**WORK REQUEST:** Each entry below must be repeated word for word.

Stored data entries

= = = = =

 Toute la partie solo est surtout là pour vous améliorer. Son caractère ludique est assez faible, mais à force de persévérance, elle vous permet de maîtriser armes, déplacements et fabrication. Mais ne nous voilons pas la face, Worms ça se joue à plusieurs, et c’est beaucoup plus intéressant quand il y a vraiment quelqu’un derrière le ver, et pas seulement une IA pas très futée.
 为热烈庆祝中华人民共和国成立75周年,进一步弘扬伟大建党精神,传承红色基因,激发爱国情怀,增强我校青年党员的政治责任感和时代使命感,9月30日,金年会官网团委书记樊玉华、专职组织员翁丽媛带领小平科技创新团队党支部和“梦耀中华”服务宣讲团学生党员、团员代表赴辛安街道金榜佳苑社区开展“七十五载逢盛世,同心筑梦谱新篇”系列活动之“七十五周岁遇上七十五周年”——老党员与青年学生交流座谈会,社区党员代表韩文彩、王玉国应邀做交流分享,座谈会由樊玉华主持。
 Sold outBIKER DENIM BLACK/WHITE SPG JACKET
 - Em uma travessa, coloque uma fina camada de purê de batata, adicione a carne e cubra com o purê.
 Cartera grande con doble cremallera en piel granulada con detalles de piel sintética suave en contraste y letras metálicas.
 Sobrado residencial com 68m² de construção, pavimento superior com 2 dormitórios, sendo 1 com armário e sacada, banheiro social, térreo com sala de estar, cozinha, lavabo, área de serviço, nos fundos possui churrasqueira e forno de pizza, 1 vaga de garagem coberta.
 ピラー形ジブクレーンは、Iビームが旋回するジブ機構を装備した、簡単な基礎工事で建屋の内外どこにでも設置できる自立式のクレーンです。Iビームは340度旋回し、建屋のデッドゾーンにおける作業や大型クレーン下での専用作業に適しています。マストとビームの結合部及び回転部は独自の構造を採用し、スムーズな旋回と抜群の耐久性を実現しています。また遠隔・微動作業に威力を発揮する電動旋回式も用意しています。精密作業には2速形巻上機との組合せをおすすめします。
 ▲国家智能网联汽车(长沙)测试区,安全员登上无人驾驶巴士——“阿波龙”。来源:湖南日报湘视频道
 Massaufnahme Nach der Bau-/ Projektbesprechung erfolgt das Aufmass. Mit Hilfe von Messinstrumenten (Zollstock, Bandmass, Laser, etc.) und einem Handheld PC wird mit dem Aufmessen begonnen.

= = = = =

**WRITTEN RESPONSE:**
 Toute la partie solo est surtout là pour vous améliorer. Son caractère ludique est assez faible, mais à force de persévérance, elle vous permet de maîtriser armes, déplacements et fabrication. Mais ne nous voilons pas la face, Worms ça se joue à plusieurs, et c’est beaucoup plus intéressant quand il y a vraiment quelqu’un derrière le ver, et pas seulement une IA pas très futée.
 为热烈庆祝中华人民共和国成立75周年,进一步弘扬伟大建党精神,传承红色基因,激发爱国情怀,增强我校青年党员的政治责任感和时代使命感,9月30日,金年会官网团委书记樊玉华、专职组织员翁丽媛带领小平科技创新团队党支部和“梦耀中华”服务宣讲团学生党员、团员代表赴辛安街道金榜佳苑社区开展“七十五载逢盛世,同心筑梦谱新篇”系列活动之“七十五周岁遇上七十五周年”——老党员与青年学生交流座谈会,社区党员代表韩文彩、王玉国应邀做交流分享,座谈会由樊玉华主持。
 Sold outBIKER DENIM BLACK/WHITE SPG JACKET
 - Em uma travessa, coloque uma fina camada de purê de batata, adicione a carne e cubra com o purê.
 Cartera grande con doble cremallera en piel granulada con detalles de piel sintética suave en contraste y letras metálicas.
 Sobrado residencial com 68m² de construção, pavimento superior com 2 dormitórios, sendo 1 com armário e sacada, banheiro social, térreo com sala de estar, cozinha, lavabo, área de serviço, nos fundos possui churrasqueira e forno de pizza, 1 vaga de garagem coberta.
 ピラー形ジブクレーンは、Iビームが旋回するジブ機構を装備した、簡単な基礎工事で建屋の内外どこにでも設置できる自立式のクレーンです。Iビームは340度旋回し、建屋のデッドゾーンにおける作業や大型クレーン下での専用作業に適しています。マストとビームの結合部及び回転部は独自の構造を採用し、スムーズな旋回と抜群の耐久性を実現しています。また遠隔・微動作業に威力を発揮する電動旋回式も用意しています。精密作業には2速形巻上機との組合せをおすすめします。
 ▲国家智能网联汽车(长沙)测试区,安全员登上无人驾驶巴士——“阿波龙”。来源:湖南日报湘视频道
 Massaufnahme Nach der Bau-/ Projektbesprechung erfolgt das Aufmass. Mit Hilfe von Messinstrumenten (Zollstock, Bandmass, Laser, etc.) und einem Handheld PC wird mit dem Aufmessen begonnen.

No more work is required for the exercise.